When in the software requirements phase you might consider this checklist for the workflow;

1)      Identify the workflows: Have the key workflows been defined that have performance requirements and are the response time goals defined?

2)      Duration: have you defined the overall duration of the workflow? How long should the call center interaction by?

3)      Downstream processing: Have you defined when the data from the workflow must be available for the downstream workflows?  For instance, after collecting a customers demographic information and vehicle information, when is it available for rating a policy? 30 seconds, 24 hours?
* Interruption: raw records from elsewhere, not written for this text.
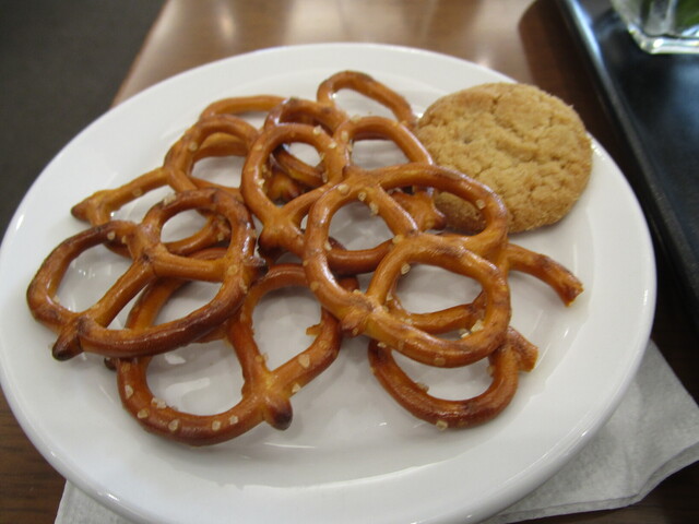 今回利用したのは出発ゲートの近くにある本館の方で、搭乗すると機内食が出るので、飲み物と軽食のみにしました。
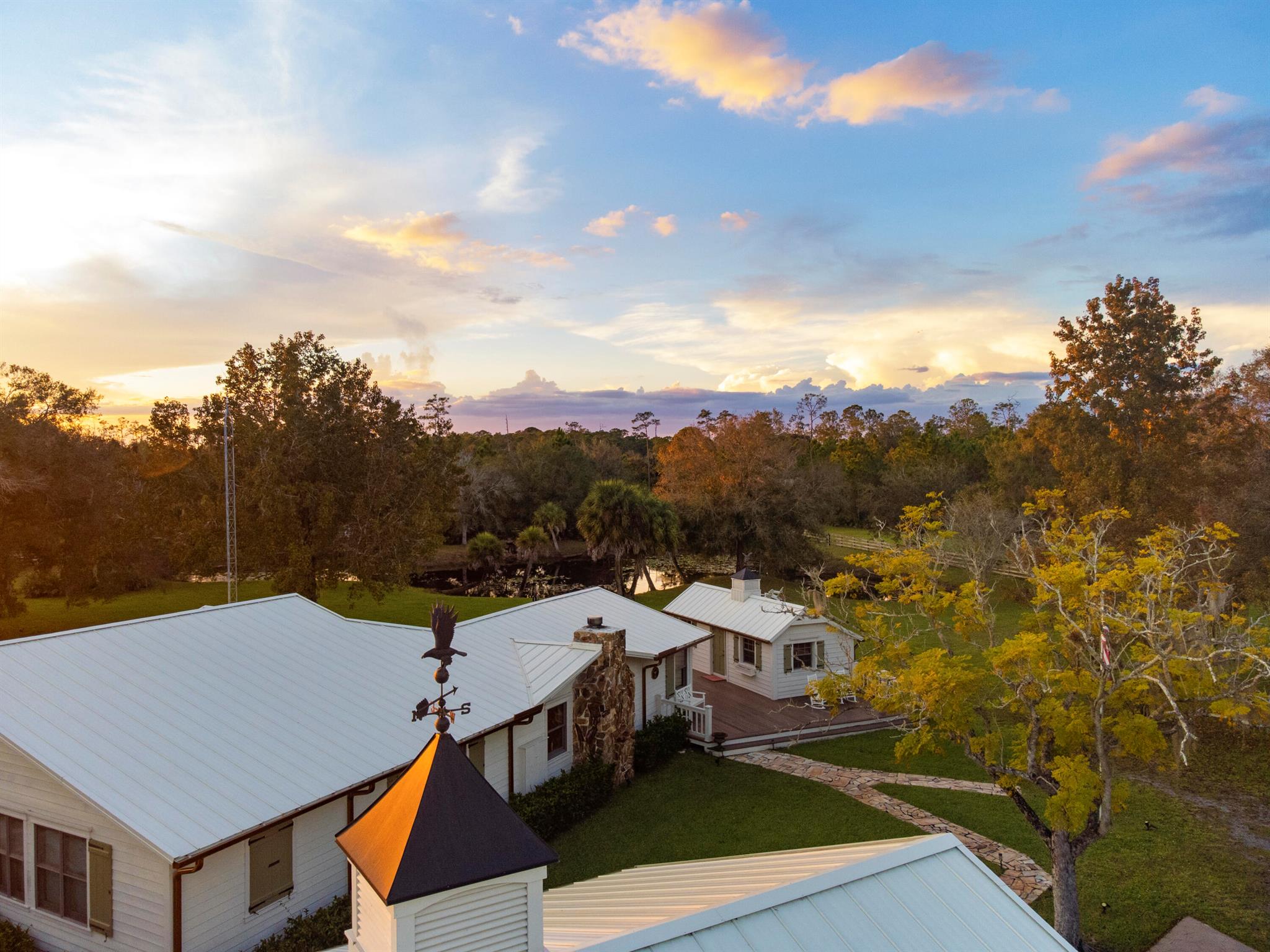 Step into a life less ordinary in this designer-owned escape on 5.13 pristine acres in Florida's most unique community. A beautifully appointed main residence and guest cottage tucked beneath ancient oaks. Every corner reflects warmth, serenity, and connection to nature. Beyond the doorstep lies a world unlike any other: 3,000 acres of private land with over 150 miles of off-road trails, stocked fish ponds, stables, horse ring, skeet shooting, rifle range, and big game hunting reserved for members. Enjoy pickleball and tennis courts, pool and fitness center with yoga, lodge, restaurant, outdoor chapel, grills, and charming Beer Tree, where neighbors become lifelong friends. Fly in via private air strip/hangar. On-property pond, golf, and barn w/ stables. A legacy of freedom and tradition!
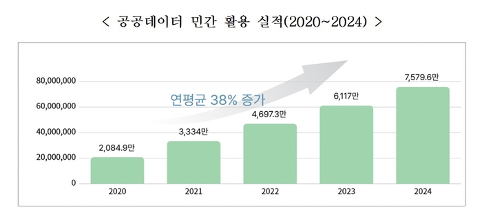 공공데이터의 민간 활용 실적도 눈에 띄게 증가하고 있습니다. 2020년에는 2084만 건이었던 공공데이터 민간 활용 실적이 지난해에는 7579만 건으로 증가했습니다. 이는 3.6배나 확대된 수치입니다.
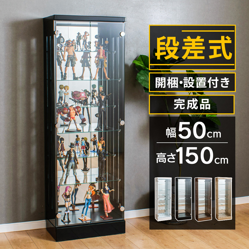 コレクションケース 段差式 幅50 ハイタイプ スリム フィギュア ケース コレクションボード ガラス 収納 棚 ショーケース コブリナ

4)      Business transactions: These support the workflow. Have performance critical business transaction been defined, with response time goals?

5)      System Transactions: These support the business transactions. Have you defined the response time goals for critical systems transactions supporting the critical business transactions?  This is where share system transaction can be found, have your requirements captured enough performance information to tell the developer how fast this system transaction must be and how many transactions per second it will support?

6)      Performance budget: Now that you have a business transaction response time goal, have you allocated the response among all the technical components supporting the business transaction? You should create a system interaction diagram to help with this, defining the time allocated across the tiers; client, web, application, message hub, database.

7)      Database query requests: Have you categorized your database queries? Simple transactions to the complex? Is there a response time goal for each? Is there difference between the first request and subsequent request?

8)      Report requests: Have you categorized the report request types?  Simple reports are 2 seconds, complex multi table grouping, ordering reports take longer that cross fiscal quarters?

9)      Discussion and negotiation with the end-user or business sponsor.  All along you must be in discussion with business people who own the system. The role of the architect is to work with the business to tell them what is possible and how much it will cost. The business priorities are critical.  The business might want to spend the extra money to have near real time reporting to gain advantage or they might be satisfied with a four hour reporting window.

 How to handle the response time discussion

Categorize: You should look to categorize the response time into; satisfied, tolerating, frustrated and abandonment. Two seconds could keep the people satisfied, while eight seconds will make them frustrated for an online transaction.  Another transaction at five seconds could keep people satisfied and 15 seconds make them frustrated.

Percentiles: You need to establish a goal for what percentage of the user population would be satisfied, 50th, 80th, 90th percentile? 90 percent of the people should have a satisfied experience.

Under what load: You need to discuss with the business people that there is a normal workload, a peak workload, an above peak workload and define target for each.  This business might ok with a relaxed target where the people are tolerating or frustrated for a period of time during a peak load for a short duration.